Wir schreiben das ausgehende Jahr 1989. Wie man weiß, lag damals die DDR röchelnd in den letzten Zügen, doch hier sieht die Prämisse vorerst anders aus, im Kuhkaff Malkow geht der Alltag seinen gewohnten Gang: Die Lehrerin ist doof, der ABV – was, für jüngere Leser, „Abschnittsbevollmächtigter“ meinte, eine Art Dorfpolizist – ein rechter Depp, aber immerhin staatsgewaltig genug, um auf seinen Streifzügen unbequeme Subjekte zu verhaften, und die 10jährige Friederike weiß, daß man der Mauer nicht zu nahe kommen darf, weil dort ständig Leute erschossen werden. Wie es sich scheinbar für einen Kinderfilm gehört, läßt die Palette also keine Schattierungen zu, Schwarz oder Weiß genügen.

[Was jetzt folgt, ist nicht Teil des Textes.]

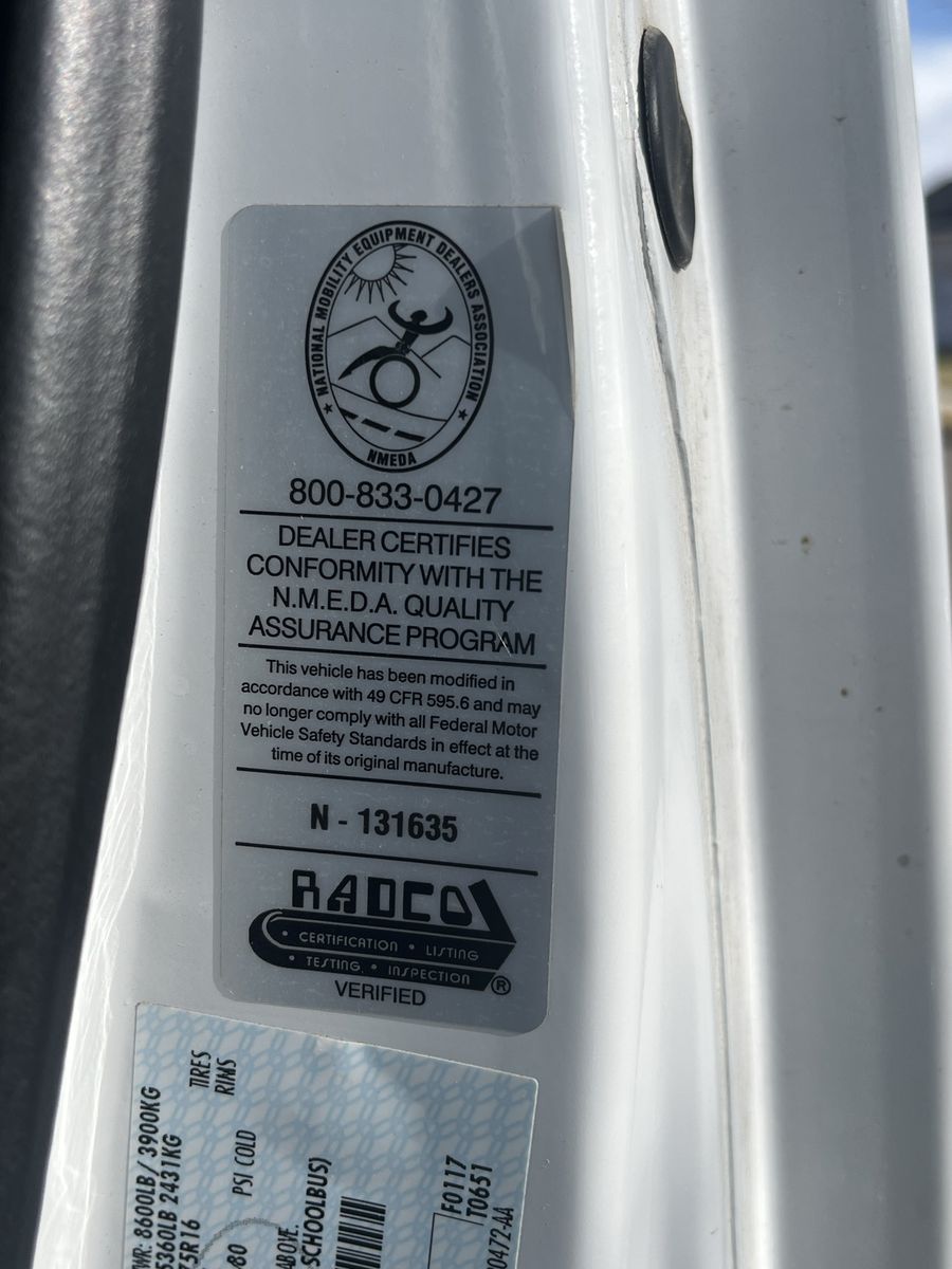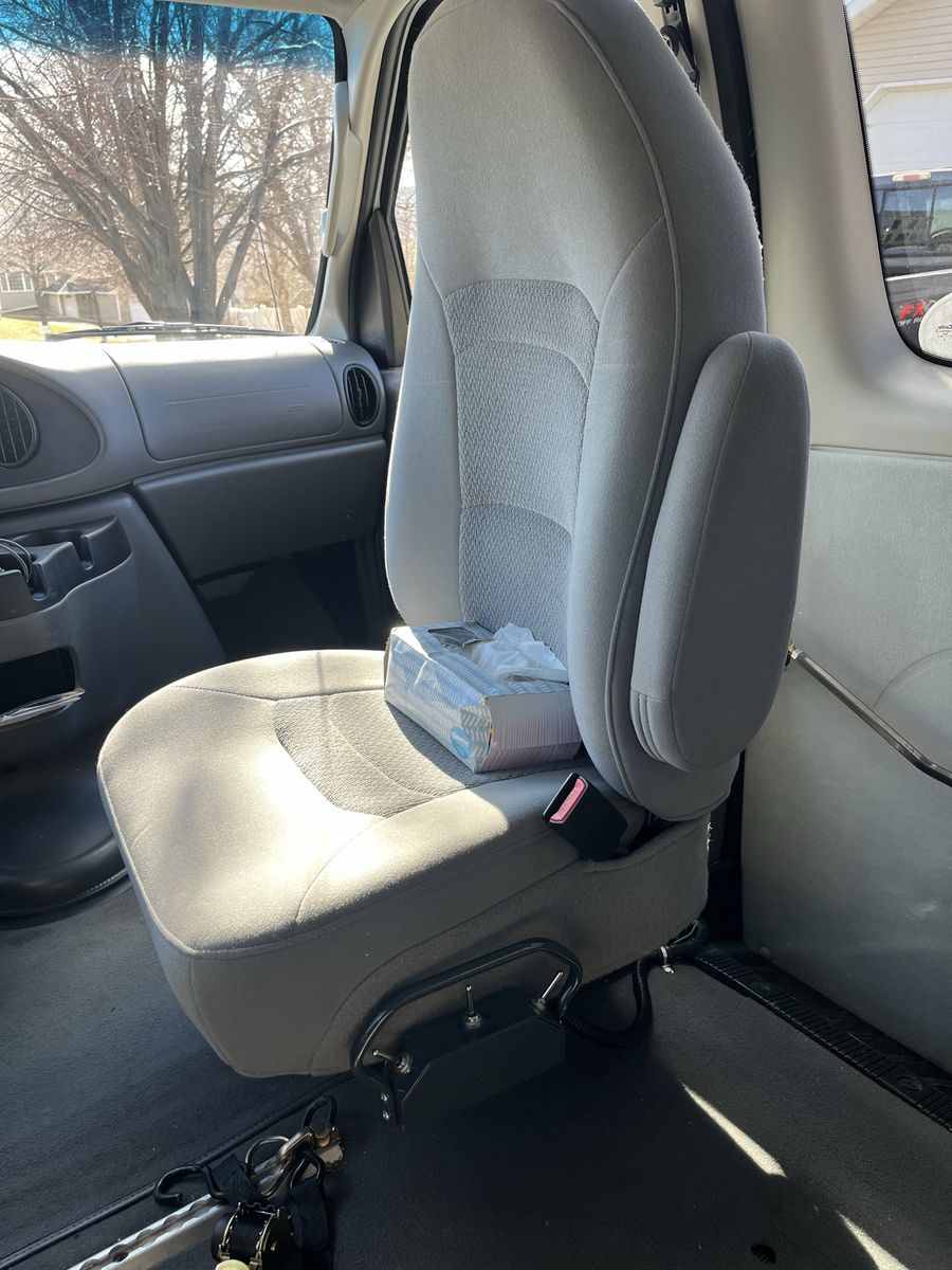 Front passenger seat custom modified for electric adjustability & rotation. One rear bench passenger seat in back.

Zu allem Unglück muß „Riekes“ geliebter Onkel Mike jetzt sofort ausreisen, womit für das Mädchen eine Welt zusammenbricht. Doch da naht eine Idee: Könnte sie nicht zusammen mit ihren wissenschaftlich interessierten Kumpels ein Gerät bauen, um Mike aus West-Berlin wieder nach Malkow zu beamen? Gesagt, getan. Ob den Onkel solches Ansinnen freuen würde, interessiert erst mal nicht, aber auch sonst geht alles drunter und drüber.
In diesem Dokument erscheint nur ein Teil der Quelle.